The algorithm was taking over our lives. For years now, Amazon has known what we want to buy better than we know ourselves, and now Facebook seemed to be able to steer our political thoughts with more precision than our conscious minds. Technology has already shattered and rebuilt the world, under the flag of progress and disruption. But the disruption hasn’t even started. We’re only beginning to imagine what the coming of artificial intelligence and biotechnology might mean for humanity.

Trump and Brexit seemed not only to play to our darker instincts rather than our better selves, but they also seemed pitted against modernity. A wave of curdled nostalgia swept the West, as some harked back to a 1950s golden age that had never been. Nowhere was anger felt more righteously than among women, as Trump rode into office on a tidal wave of old-school misogyny. The Harvey Weinstein scandal and Trump’s “grab ‘em by the pussy” comments galvanised women around the world, and soon the MeToo movement was battling to upend the old order.

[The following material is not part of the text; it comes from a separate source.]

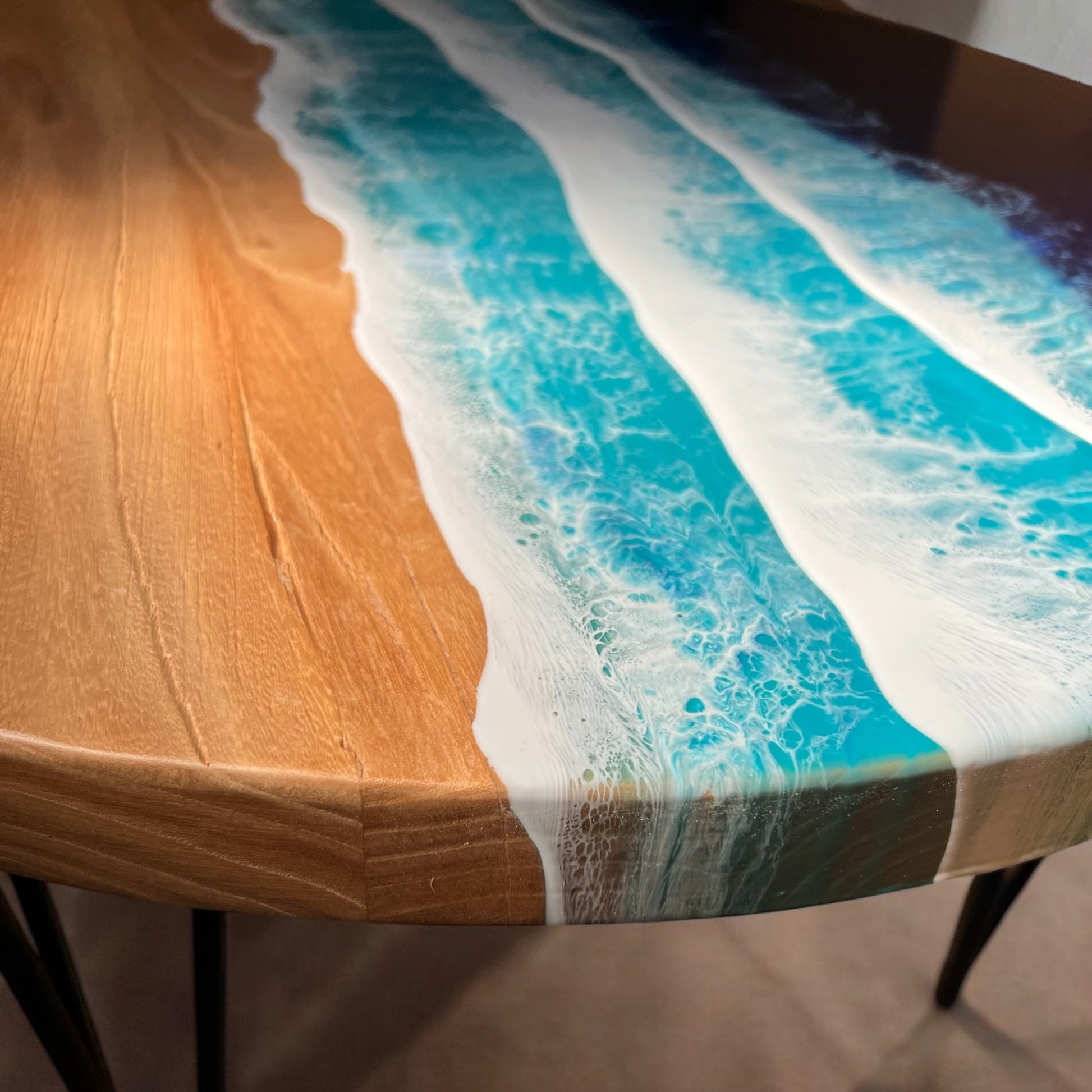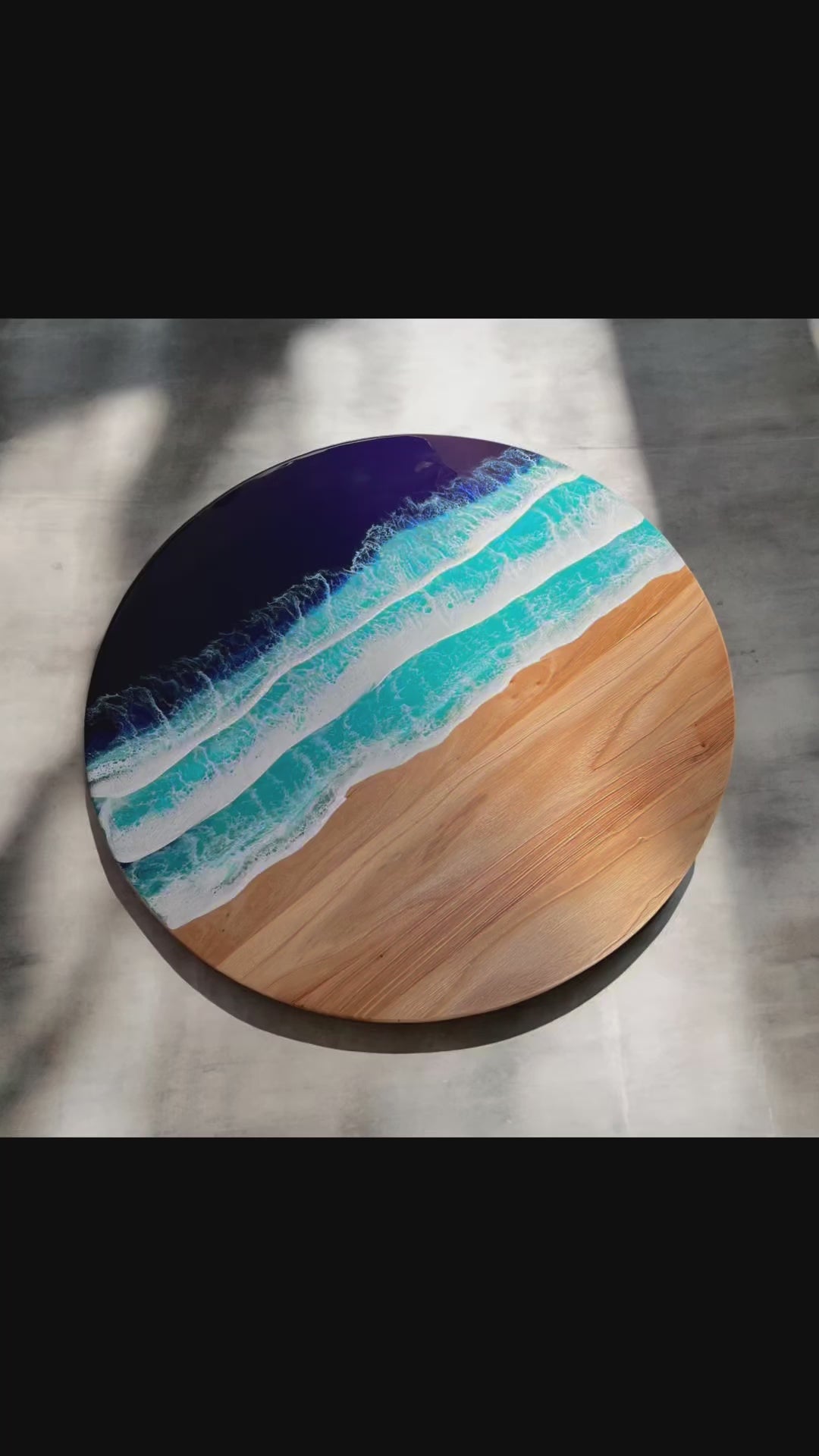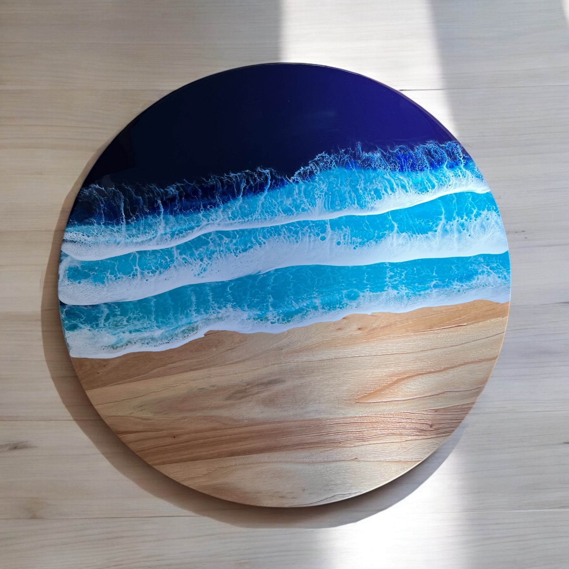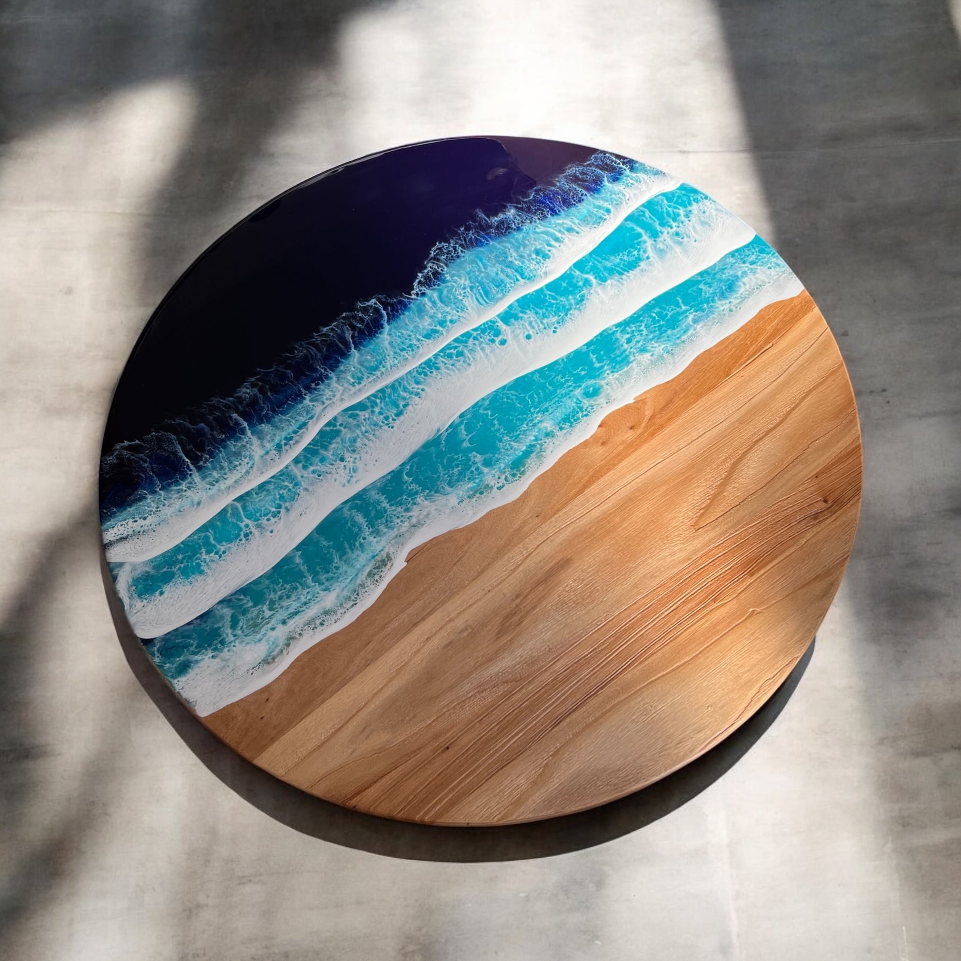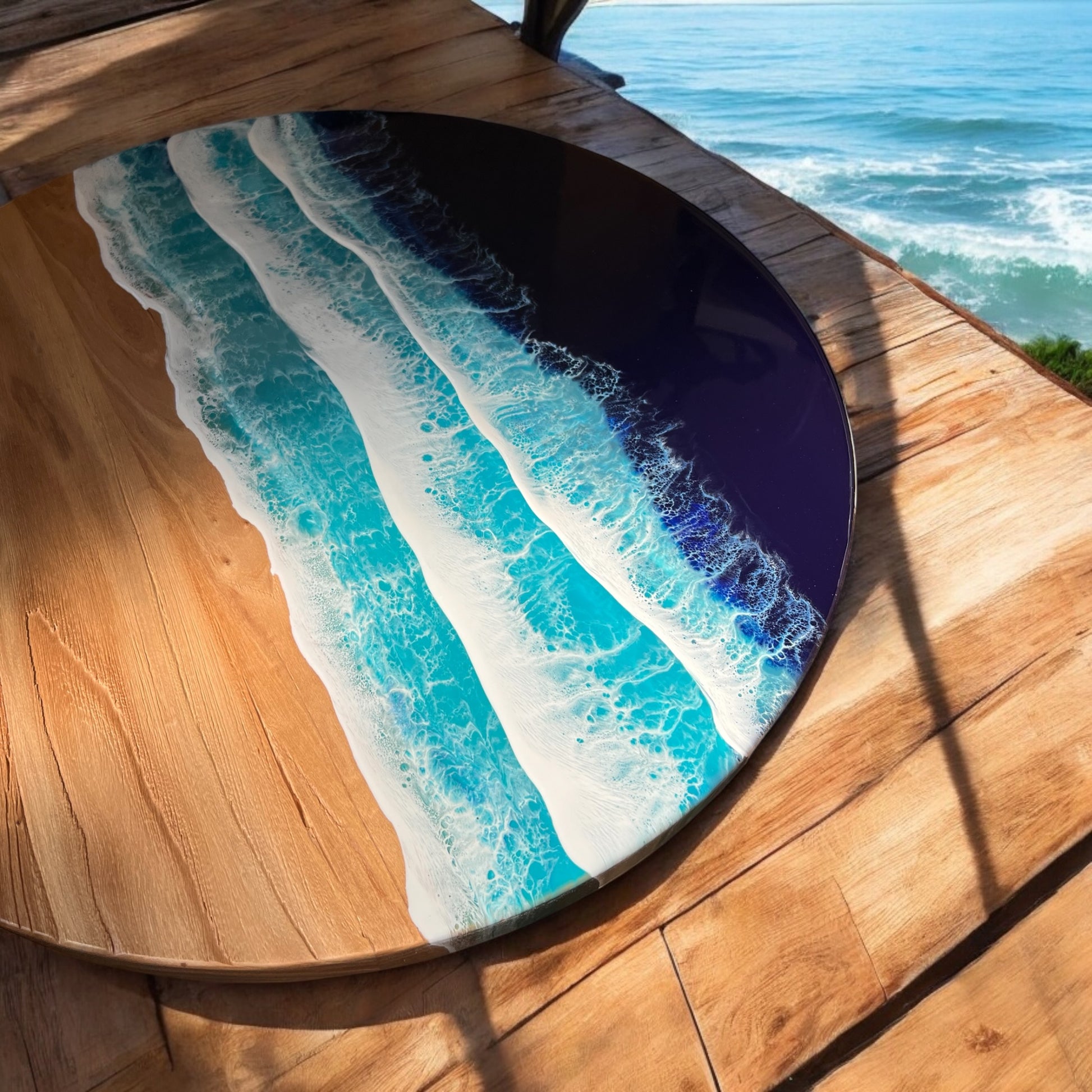 Material: Reclaimed rustic elm wood (1-inch thick) with resin ocean wave design

Nuclear war remains an existential threat to humankind, but towering above all the other nightmares of the 21st century stands climate change. It’s the issue humanity must address, fast, but the crisis comes when the world is thoroughly divided and seemingly incapable of taking intelligent collective action – international bodies from Nato to the UN seem weaker than ever. Hope lies with the young, however. The generation born after 2000 is now determined to save the planet in order to save themselves. As they reach adulthood, they’ll take custody of the world. But time is against their fight for change.

It’s little wonder, then, that many of the world’s best minds have begun floating fears of a coming total “general systems collapse”. We’ve seen a general systems collapse before on the face of planet Earth – back around 1200 BC when the major civilisations of the Mediterranean and Near East were snuffed out in a matter of just a few generations. Political systems got too big to manage, wars became too intense, land was over-farmed, weather got wild, and technology – in the shape of new types of weapons – ran out of control. The fall of the Roman Empire and the collapse of the Central American Mayan civilisation are also examples of a general systems failure.

One of the greatest thinkers alive is the Israeli scholar Yuval Noah Harari. His books Sapiens, Homo Deus, and 21 Lessons For The 21st Century chart how humans came to conquer the world, where we are likely to go in the future as we harness technology like AI, and lastly the disturbed and broken lives we live in 2019.

Reading Harari leaves you with one powerful thought in mind: we’re amazing creatures. We’ve built this world using imagination alone. But we’re also incredibly backward creatures too. It seems that while we evolved at super-speed when it came to technology – going from fire to atom bomb in 250,000 years – we’re pitifully unevolved when it comes to our emotional intelligence. We’re like infants playing with grenades.

Like the 21st century itself, humanity has barely got out of its teenage years. The challenge that we face today is making sure we take the decisions that allow this century to age into a safe maturity, along with our children and grandchildren.